PROBLEM TO WORK ON:
Repeat all the data word for word.

LISTED RECORDS Block Start

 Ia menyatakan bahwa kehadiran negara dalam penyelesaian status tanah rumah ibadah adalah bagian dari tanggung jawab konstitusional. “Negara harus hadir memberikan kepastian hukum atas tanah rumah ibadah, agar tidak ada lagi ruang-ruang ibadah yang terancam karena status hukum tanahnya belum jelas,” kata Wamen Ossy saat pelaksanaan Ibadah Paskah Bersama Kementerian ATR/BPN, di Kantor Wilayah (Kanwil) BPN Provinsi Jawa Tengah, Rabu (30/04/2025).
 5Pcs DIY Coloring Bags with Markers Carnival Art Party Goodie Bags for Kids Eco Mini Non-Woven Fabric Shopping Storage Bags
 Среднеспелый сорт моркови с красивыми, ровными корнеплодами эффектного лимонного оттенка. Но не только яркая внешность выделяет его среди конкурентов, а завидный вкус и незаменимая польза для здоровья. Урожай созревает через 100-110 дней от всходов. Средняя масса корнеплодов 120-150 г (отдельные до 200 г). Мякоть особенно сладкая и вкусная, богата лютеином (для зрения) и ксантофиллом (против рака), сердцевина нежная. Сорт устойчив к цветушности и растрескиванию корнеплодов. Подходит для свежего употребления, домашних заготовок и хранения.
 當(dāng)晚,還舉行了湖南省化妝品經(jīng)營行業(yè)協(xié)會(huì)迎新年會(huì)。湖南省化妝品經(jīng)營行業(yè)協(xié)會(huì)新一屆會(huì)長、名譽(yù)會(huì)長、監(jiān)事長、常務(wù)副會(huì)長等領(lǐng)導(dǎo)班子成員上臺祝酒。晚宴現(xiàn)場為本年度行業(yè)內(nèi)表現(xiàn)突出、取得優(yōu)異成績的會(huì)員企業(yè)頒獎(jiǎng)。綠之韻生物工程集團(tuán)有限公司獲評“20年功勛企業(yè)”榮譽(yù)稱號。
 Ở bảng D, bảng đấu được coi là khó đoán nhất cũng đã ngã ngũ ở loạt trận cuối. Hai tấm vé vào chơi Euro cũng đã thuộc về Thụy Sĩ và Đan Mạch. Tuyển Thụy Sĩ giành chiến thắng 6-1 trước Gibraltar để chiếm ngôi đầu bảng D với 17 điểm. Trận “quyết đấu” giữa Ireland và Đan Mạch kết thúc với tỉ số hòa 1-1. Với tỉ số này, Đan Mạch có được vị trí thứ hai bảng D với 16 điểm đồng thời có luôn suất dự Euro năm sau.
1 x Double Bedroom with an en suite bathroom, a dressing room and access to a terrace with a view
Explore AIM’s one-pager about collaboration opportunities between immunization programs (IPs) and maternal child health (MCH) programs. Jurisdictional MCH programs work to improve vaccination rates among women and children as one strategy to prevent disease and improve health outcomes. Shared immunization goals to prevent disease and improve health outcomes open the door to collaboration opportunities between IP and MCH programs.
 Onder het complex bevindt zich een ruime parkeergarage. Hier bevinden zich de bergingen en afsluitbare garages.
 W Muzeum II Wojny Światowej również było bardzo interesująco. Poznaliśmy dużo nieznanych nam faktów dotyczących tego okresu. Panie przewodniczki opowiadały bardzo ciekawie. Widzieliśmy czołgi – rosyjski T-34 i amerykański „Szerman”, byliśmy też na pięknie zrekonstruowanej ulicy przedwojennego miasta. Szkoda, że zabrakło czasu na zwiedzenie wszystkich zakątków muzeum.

LISTED RECORDS Block End

ANSWER TO THIS PROBLEM:
 Ia menyatakan bahwa kehadiran negara dalam penyelesaian status tanah rumah ibadah adalah bagian dari tanggung jawab konstitusional. “Negara harus hadir memberikan kepastian hukum atas tanah rumah ibadah, agar tidak ada lagi ruang-ruang ibadah yang terancam karena status hukum tanahnya belum jelas,” kata Wamen Ossy saat pelaksanaan Ibadah Paskah Bersama Kementerian ATR/BPN, di Kantor Wilayah (Kanwil) BPN Provinsi Jawa Tengah, Rabu (30/04/2025).
 5Pcs DIY Coloring Bags with Markers Carnival Art Party Goodie Bags for Kids Eco Mini Non-Woven Fabric Shopping Storage Bags
 Среднеспелый сорт моркови с красивыми, ровными корнеплодами эффектного лимонного оттенка. Но не только яркая внешность выделяет его среди конкурентов, а завидный вкус и незаменимая польза для здоровья. Урожай созревает через 100-110 дней от всходов. Средняя масса корнеплодов 120-150 г (отдельные до 200 г). Мякоть особенно сладкая и вкусная, богата лютеином (для зрения) и ксантофиллом (против рака), сердцевина нежная. Сорт устойчив к цветушности и растрескиванию корнеплодов. Подходит для свежего употребления, домашних заготовок и хранения.
 當(dāng)晚,還舉行了湖南省化妝品經(jīng)營行業(yè)協(xié)會(huì)迎新年會(huì)。湖南省化妝品經(jīng)營行業(yè)協(xié)會(huì)新一屆會(huì)長、名譽(yù)會(huì)長、監(jiān)事長、常務(wù)副會(huì)長等領(lǐng)導(dǎo)班子成員上臺祝酒。晚宴現(xiàn)場為本年度行業(yè)內(nèi)表現(xiàn)突出、取得優(yōu)異成績的會(huì)員企業(yè)頒獎(jiǎng)。綠之韻生物工程集團(tuán)有限公司獲評“20年功勛企業(yè)”榮譽(yù)稱號。
 Ở bảng D, bảng đấu được coi là khó đoán nhất cũng đã ngã ngũ ở loạt trận cuối. Hai tấm vé vào chơi Euro cũng đã thuộc về Thụy Sĩ và Đan Mạch. Tuyển Thụy Sĩ giành chiến thắng 6-1 trước Gibraltar để chiếm ngôi đầu bảng D với 17 điểm. Trận “quyết đấu” giữa Ireland và Đan Mạch kết thúc với tỉ số hòa 1-1. Với tỉ số này, Đan Mạch có được vị trí thứ hai bảng D với 16 điểm đồng thời có luôn suất dự Euro năm sau.
1 x Double Bedroom with an en suite bathroom, a dressing room and access to a terrace with a view
Explore AIM’s one-pager about collaboration opportunities between immunization programs (IPs) and maternal child health (MCH) programs. Jurisdictional MCH programs work to improve vaccination rates among women and children as one strategy to prevent disease and improve health outcomes. Shared immunization goals to prevent disease and improve health outcomes open the door to collaboration opportunities between IP and MCH programs.
 Onder het complex bevindt zich een ruime parkeergarage. Hier bevinden zich de bergingen en afsluitbare garages.
 W Muzeum II Wojny Światowej również było bardzo interesująco. Poznaliśmy dużo nieznanych nam faktów dotyczących tego okresu. Panie przewodniczki opowiadały bardzo ciekawie. Widzieliśmy czołgi – rosyjski T-34 i amerykański „Szerman”, byliśmy też na pięknie zrekonstruowanej ulicy przedwojennego miasta. Szkoda, że zabrakło czasu na zwiedzenie wszystkich zakątków muzeum.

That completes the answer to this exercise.